General characteristics
- Tons burthen: 262, or 265, or 291 (bm)
- Length: 90 ft 1 in (27.46 m)
- Beam: 25 ft 10 in (7.87 m)
- Depth: 12 ft 11 in (3.94 m)
- Sail plan: Brigantine, or Brig

= Indus (1817 ship) =

Indus was launched in Newburyport, Massachusetts in 1817, or Newbury, Massachusetts in 1814. She first appeared in the British registries in 1823. Throughout her career she remained owned in the United States, and sailing under the United States flag. She may have briefly traded between Great Britain and Batavia, Dutch East Indies, sailing under a licence from the British East India Company. Thereafter, she sailed between Liverpool and New York.

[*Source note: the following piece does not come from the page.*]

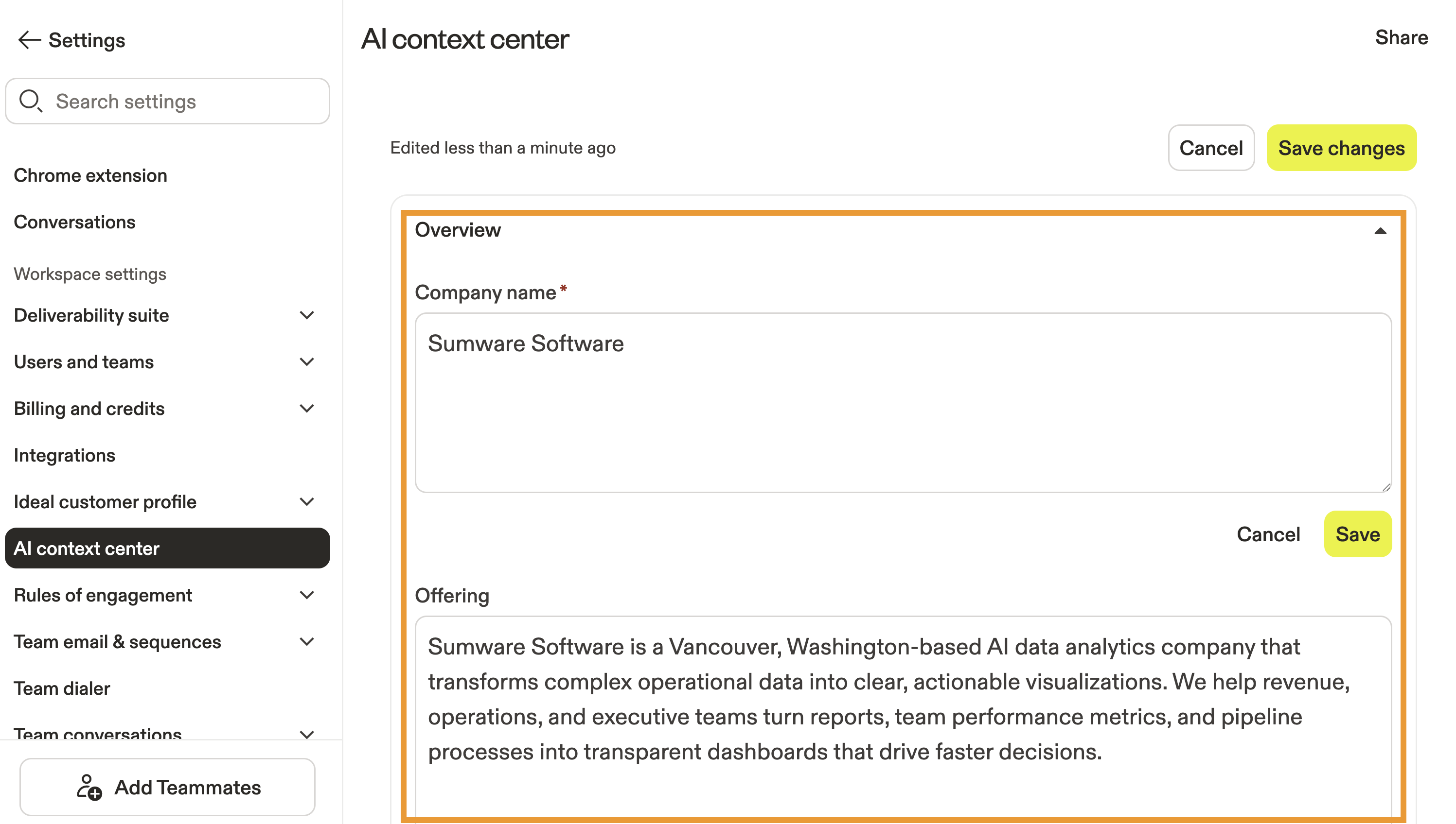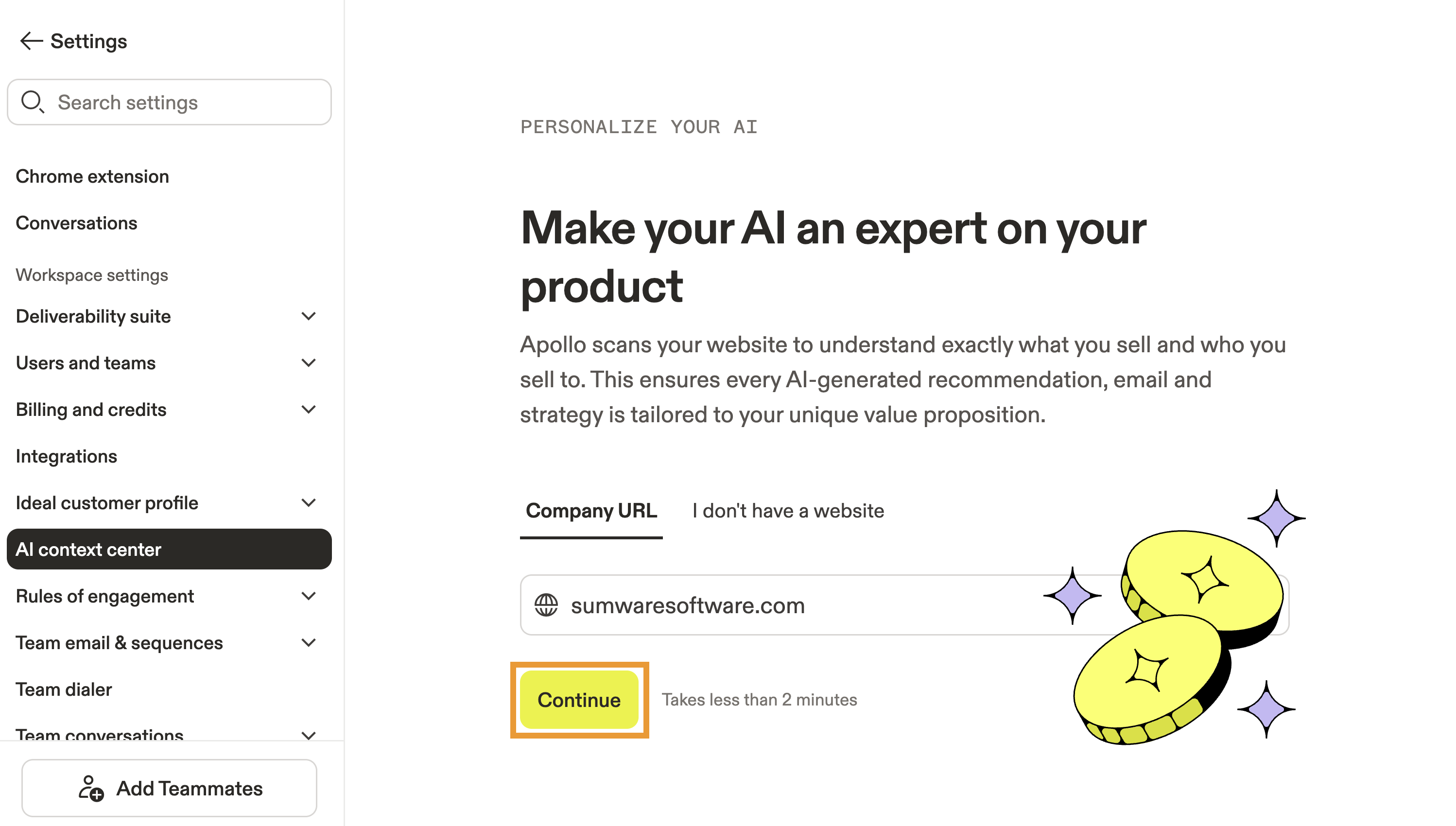 The AI context center sits at the heart of Apollo AI and lets you configure key factors about your company, customer pain points, and business or service. Apollo AI uses this information to ensure recommendations, messaging, research, and other actions performed by AI are tailored to your unique value proposition.

She was probably the Indus wrecked on 24 September 1829; she was last listed in 1833.

==Career==
Indus first appeared in Lloyd's Register (LR) in 1823.

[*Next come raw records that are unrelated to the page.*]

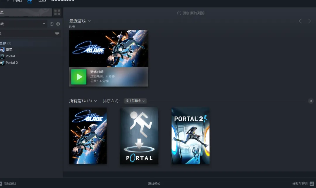 (必须使用平台登号器登录,开游戏加速器加速steam避免登录超时)登入下载完,(不能打开的上线打开一次剑星,再退出游戏)按照图片进离线模式再一次
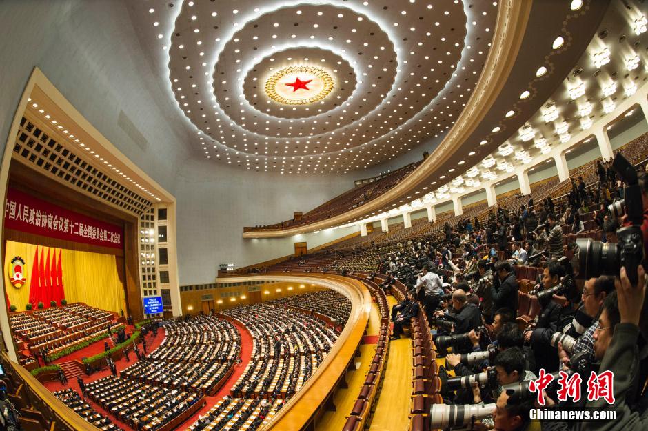 3月12日,全国政协十二届二次会议在北京人民大会堂举行闭幕会。党和国家领导人习近平、李克强、张德江、刘云山、王岐山、张高丽等出席。全国政协主席俞正声主持。中新社发 骆云飞 摄
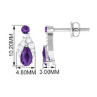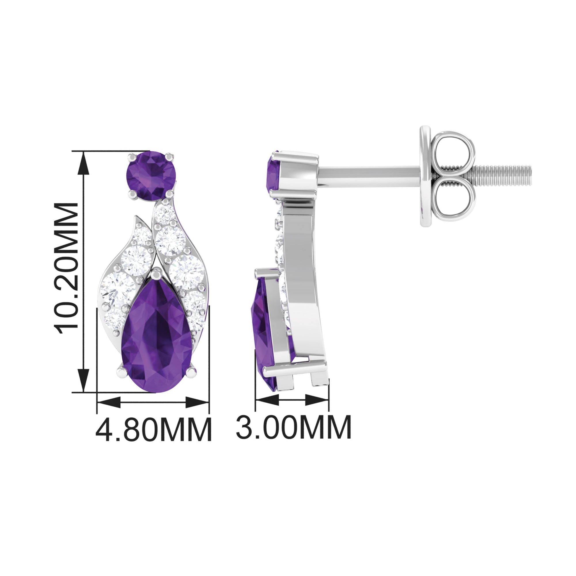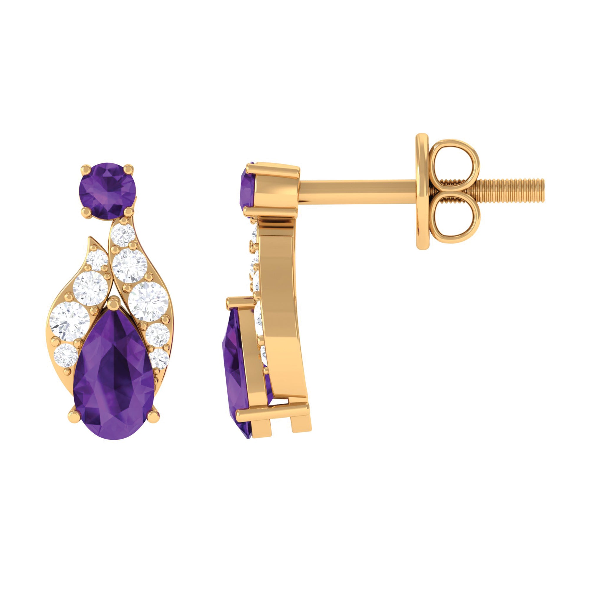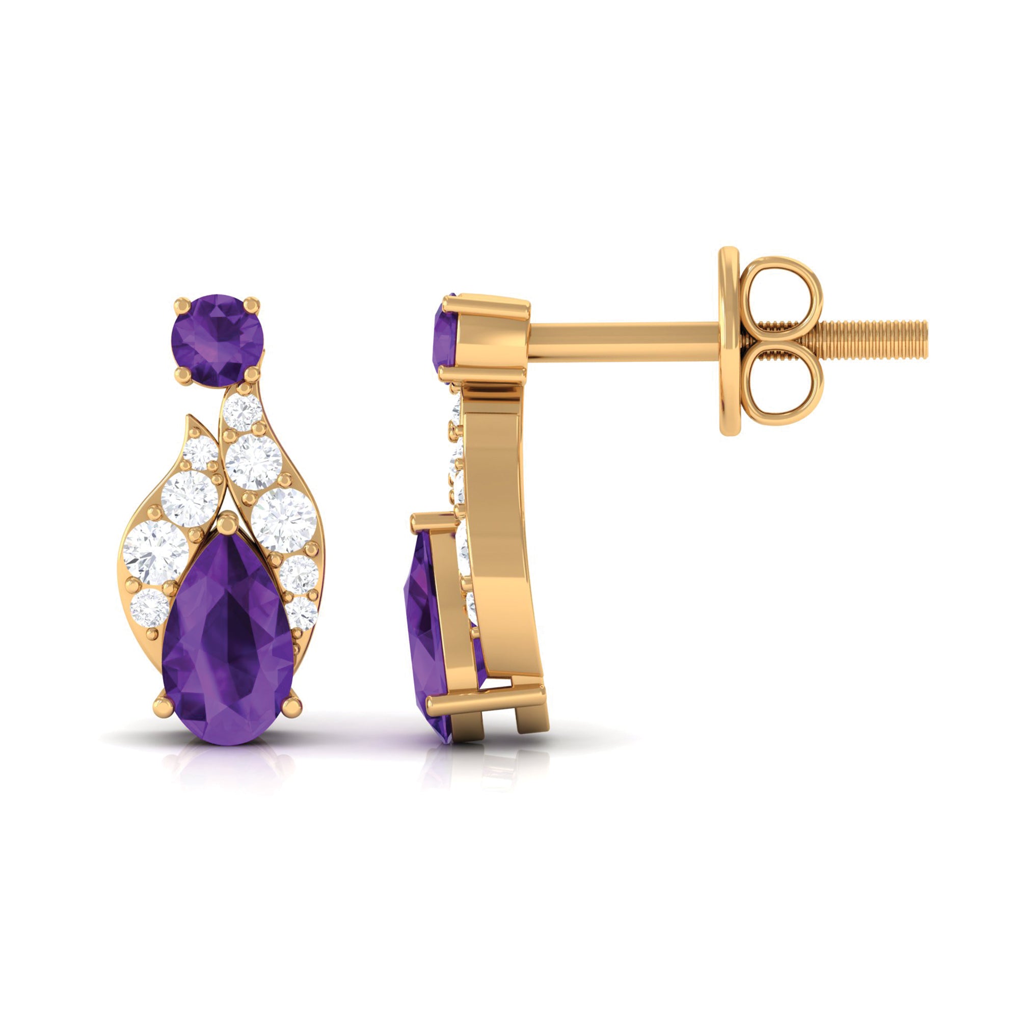 Embrace the beauty of nature with these Amethyst Leaf Earrings. These gorgeous stud earrings draw inspiration from the natural world, featuring a delicate leaf design adorned with pear and round shape Amethyst gemstones and round Diamonds. The Amethysts add a touch of regal charm, while the Diamonds provide a subtle sparkle. These amethyst and diamond earrings are a testament to the wonders of the outdoors, making them a perfect choice for those who appreciate the simplicity and grace of the world around us.

| Year | Master | Owner | Trade | Source |
|---|---|---|---|---|
| 1823 | John Day | P.Dodge | Cowes | LR |
| 1825 | J.Day | P.Dodge | Cowes | LR |

In 1813 the EIC had lost its monopoly on the trade between India and Britain. British ships were then free to sail to India or the Indian Ocean under a licence from the EIC. Although Indus was American-owned, and sailing under the United States flag, if she wanted to trade between India or South East Asia on the one hand, and Britain on the other, she needed a licence.

On 6 October 1822 Indus. Day, master, arrived at Cowes after a voyage of 126 days from Batavia, Dutch East Indies. She immediately sailed on to Hamburg and then Antwerp. From Antwerp she sailed again to Batavia. By trading between Batavia and Europe, and not between Batavia and Britain, Indus avoided either violating the EIC monopoly on such trade, or the need for a licence from the EIC.

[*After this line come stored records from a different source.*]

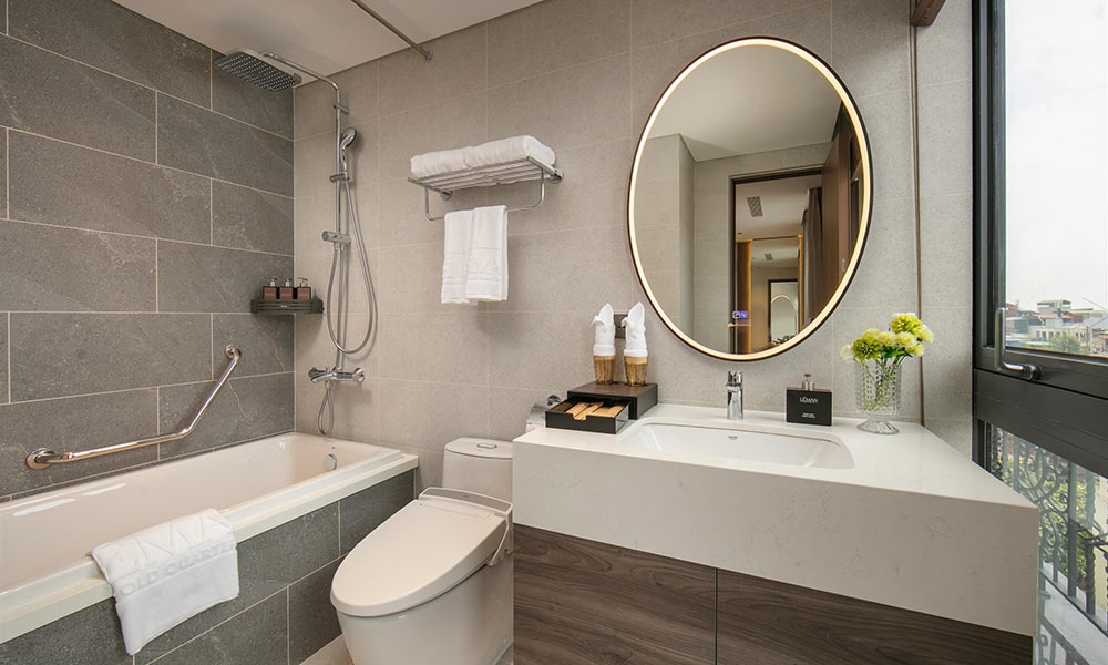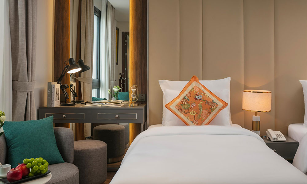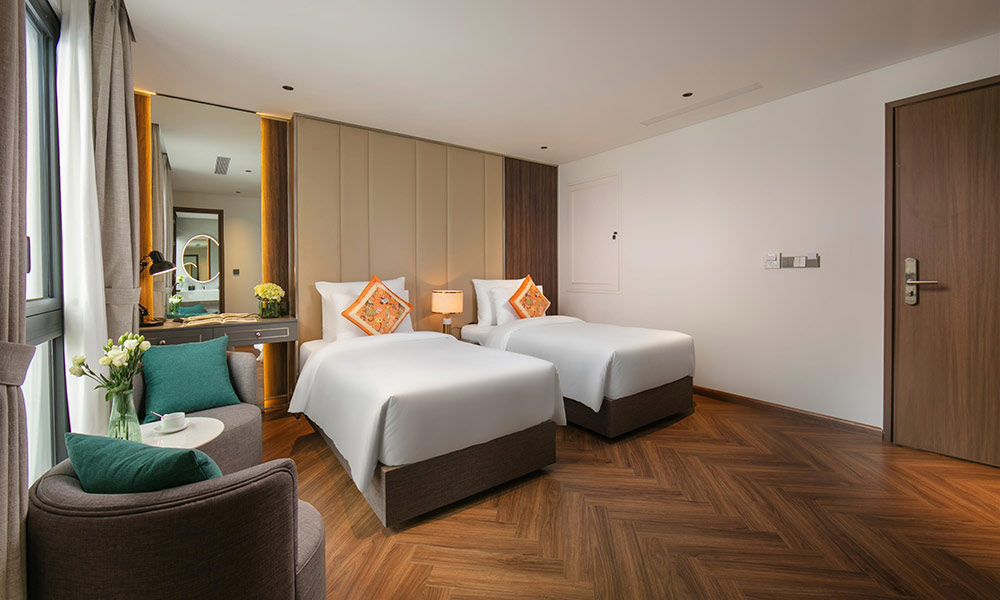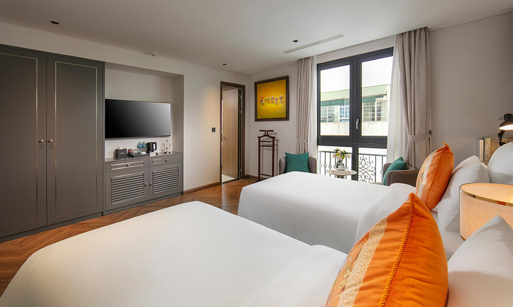Premier Twin mang đến không gian nghỉ dưỡng ấm cúng, lý tưởng cho các gia đình nhỏ hoặc nhóm bạn 2–3 người. Căn phòng được bố trí hai giường đơn với đệm dày, ga trải cao cấp và gối bông mềm mại, giúp cả người lớn lẫn trẻ em có giấc ngủ trọn vẹn. Tông màu ấm, trung tính kết hợp ánh sáng tự nhiên từ cửa sổ lớn hướng phố tạo cảm giác gần gũi, thư thái. Nội thất trong phòng được lựa chọn tinh tế, gồm bàn làm việc tiện lợi, tủ quần áo rộng, TV màn hình phẳng và giá treo đồ nhỏ gọn. Phòng tắm hiện đại được trang bị bồn tắm sang trọng, vòi sen đứng, cùng đầy đủ đồ dùng vệ sinh cá nhân cao cấp.
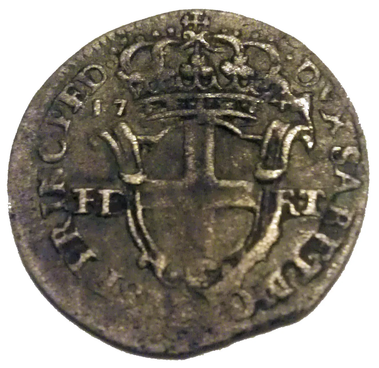 Savoy arms in oval shield, crown above divides date, FE - RT flanking.
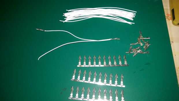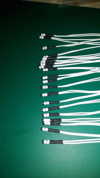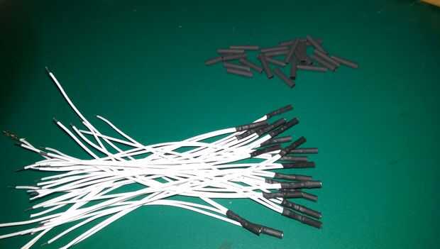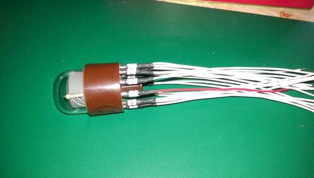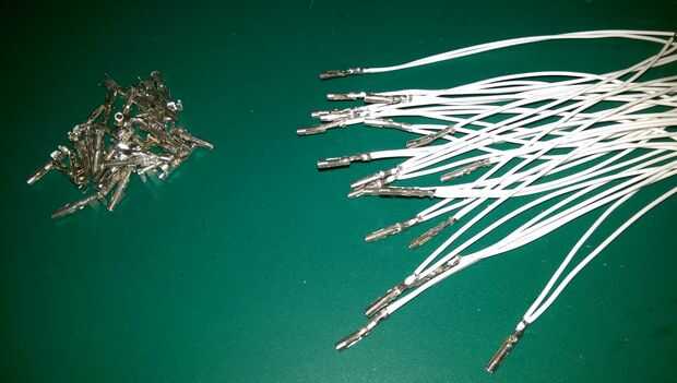 Que cortar todos los cables necesarios para longitud y equipadas las tomas de conexión a un par de cables para cada pin. Encogimiento de calor había cubierto los extremos expuestos y fueron numerados para la conexión a los pines en los tubos de Nixie. Las tomas están conectadas a los pines y los extremos libres de los cables son alimentados a través de los tubos a ambos lados y luego las tomas equipadas, calor reducido y contados antes de conectar al siguiente tubo Nixie.

LR reported that on 16 March 1825 Indus sailed to China under a licence from the EIC. However, ship arrival and departure data in Lloyd's List showed Indus trading between Cowes, Antwerp, Batavia, and The Netherlands.

| Year | Master | Owner | Trade | Source |
|---|---|---|---|---|
| 1826 | Moriarty Myrick | P.Dodge | Cowes–Antwerp | LR |
| 1827 | Moriarty Reed | P.Dodge | Liverpool-New York | LR |

==Fate==
On 24 November 1829 Indus, Rock, master, was wrecked on the Newcombe Sand, in the English Channel off the coast of Sussex with the loss of all hands. She was on a voyage from Liverpool to Bremen.

Indus was last listed in 1833 with no change from 1827.